In another thoughful,  gripping story, “Nine Lives,” two men, Pugh and Martin, have been alone on Libra Exploratory Mission Base for years.  Their first glimpse of a member of an incoming support team on a video communicator floors them:  “Do they all look like that?  Martin, you and I are uglier than I thought.”

Le Guin writes about the difficulty of meeting strangers.  It is particularly tough for Martin and Pugh, alone for so many years.

“It is hard to meet a stranger.  Even the greatest extravert meeting even the greatest stranger knows a certain dread, though he may not know he knows it.  Will he make a fool of me wreck my image of myself invade me destroy me change me?  Yes, that he will.  There’s the terrible thing:  the strangeness of the stranger.”
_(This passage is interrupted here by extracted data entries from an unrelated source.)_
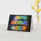 This multicolored and fun birthday greeting card design features the message "HAPPY BIRTHDAY," and the common first name "JOEL" with the letters having a colourful rainbow spectrum like gradient colouring pattern. The background of the front also features a colourful bursting fireworks inspired pattern. The inside features a custom greeting message, or could perhaps be cleared and left blank if a message is to be written by hand instead. A birthday greeting card like this might be a fun way to acknowledge the birthday of somebody named Joel. [~Z0000350]
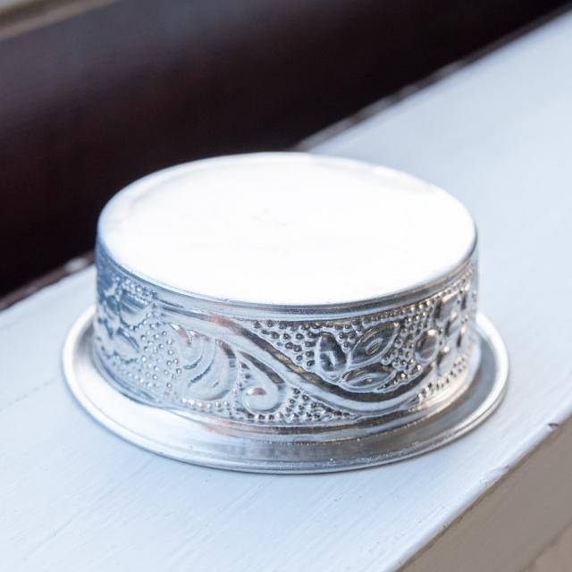 インドならではの美しい唐草模様の装飾がデコボコのエンボスになって入っている美しいソーサー。シンプルながらもインドを感じることができます!アルミ独特の光沢感が美しく、手で触れるとエンボスの凹凸を感じることができて、その凹凸には滑り止めの効果もあります。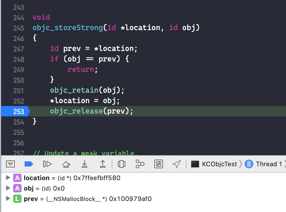 - 如果 isWeak 为 true, 则将 Block_byrefs 实例的 isa 指针指向 _NSConcreteWeakBlockVariable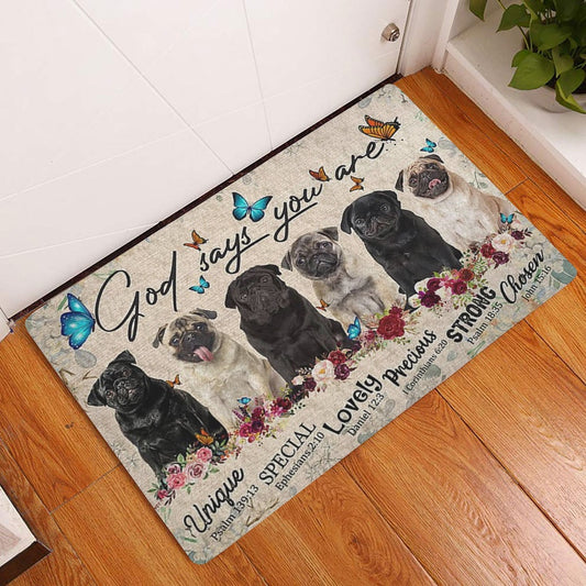 Pug Welcome Doormat, Pugs Dog God Says You Are Unique Gifts For Dog Lover Welcome Doormat, Pets Home Decor Door Mat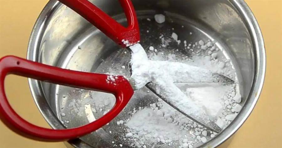 將它撒在剪刀的表面上,讓剪刀的每一個面都能均勻地附上一層厚厚的小蘇打,這樣才能使剪刀每個生鏽的地方都能清除乾淨。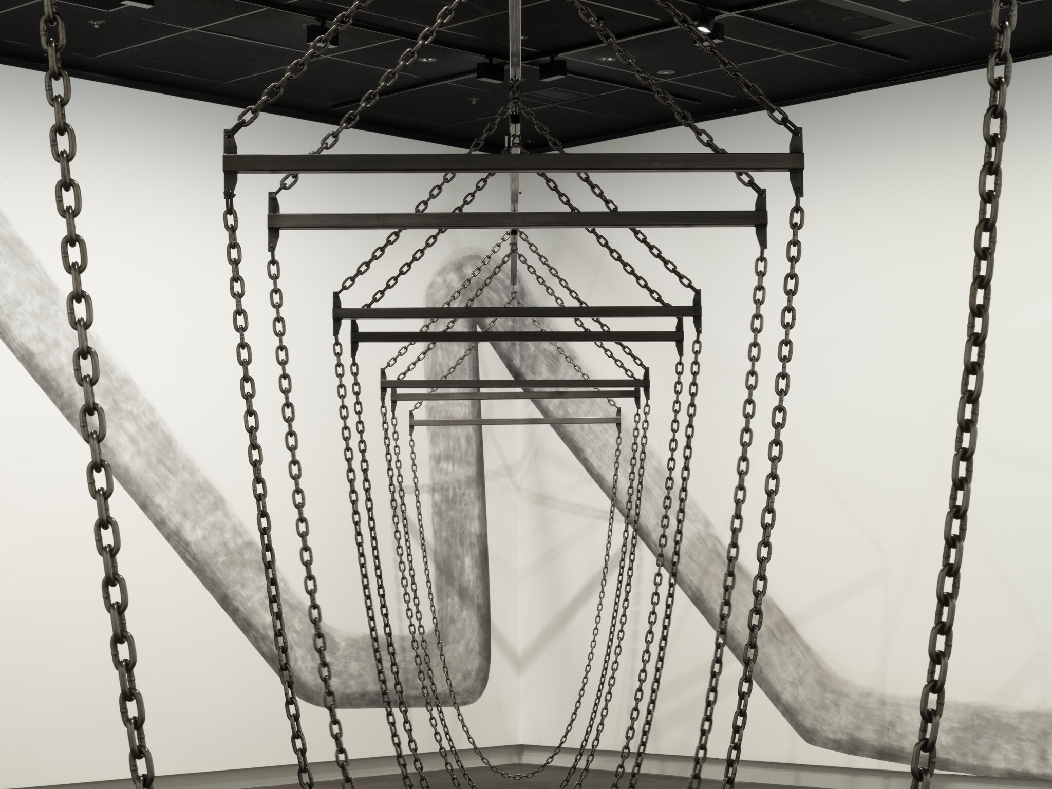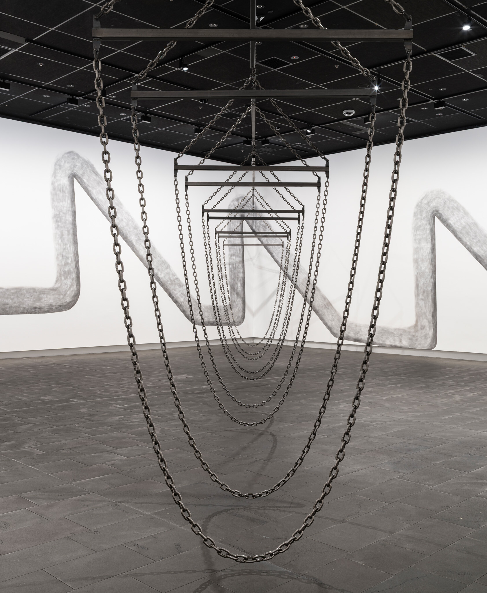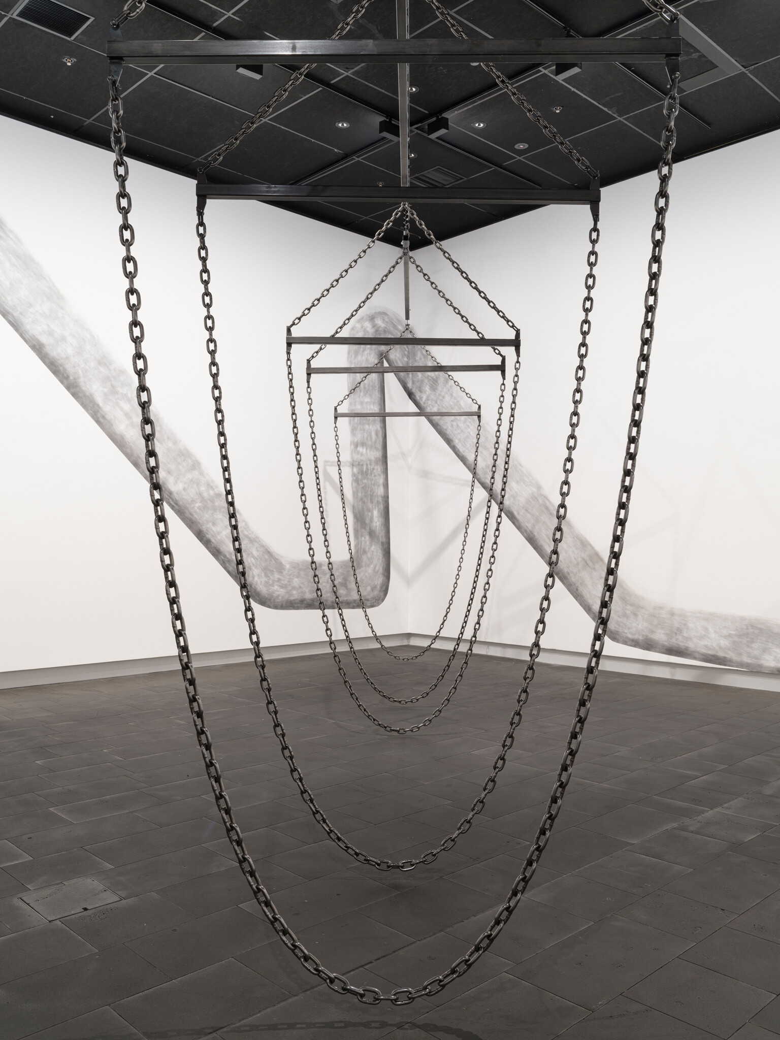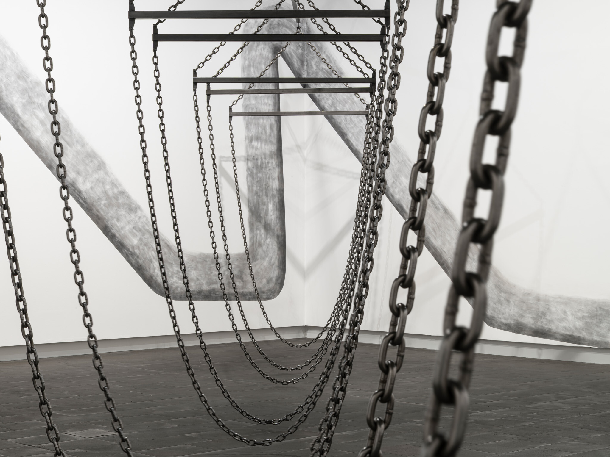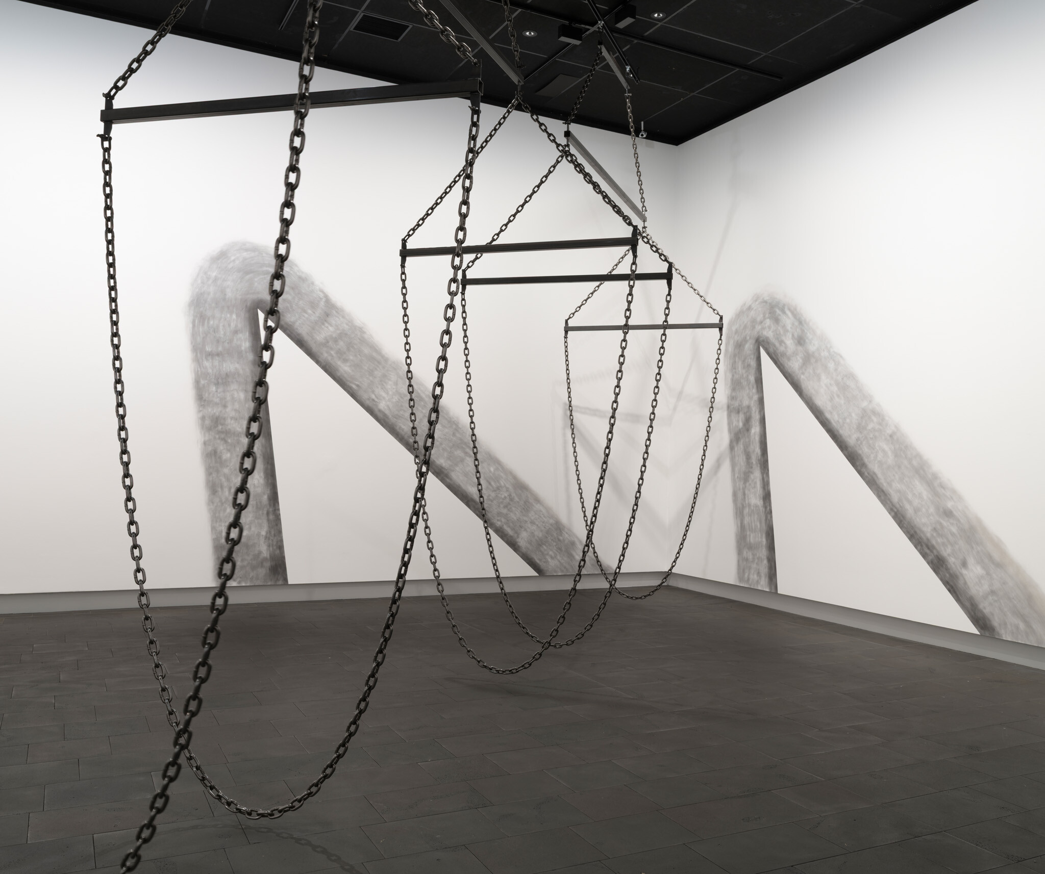 In this new commission, Ana Iti (Te Rarawa, Ngāi Tūpoto, Ngāti Here) references kauri logging, an industry that flourished in Te Tai Tokerau during the nineteenth century. Drawn using charcoal from burnt kauri timber, large saw teeth cut into the substructure of the gallery. Chain and metal pipes hint at the form of a marine crane, or how logs are bound for transport in waterways. The relationship of rākau to wai, or tree to water, reflects the kinship of kauri to tohorā, the Southern right whale. Both now face the threat of extinction, a sign of broader ecological devastation.

But it is even more disturbing when  a support team emerges from the ship, and they are shocked to see  five men and five women clones–a tenclone. Later, nine of the clones die in a horrible earthquake, and the tenth, who almost dies, is in deep shock. He gradually learns from Martin and Pugh that doing the safe thing is not always the wise thing.  Breaking the rules can help one survive.

In my favorite story, “Betrayals,” an elderly woman has retired to a hut outside a remote village to meditate and learn to die.  She reads about a planet where there is always peace,  takes care of a dog and cat, and allows a Romeo-and-Juliet-type couple to take refuge in her house occasionally for love. But then she discovers that her neighbor, the Chief, a former tyrannical revolutionary leader who served time in prison, is ill with a cough that develops into pneumonia.  She doesn’t want to help him–she doesn’t care for him–he is there to die–but a lifetime of habit makes it necessary to do all she can.  She learns about the versatility of human beings, and that neither she, nor the chief are ready to die.

Great stories.  I like some better than others, but there is not a dud among them.

Now I must get my copy of Volume One.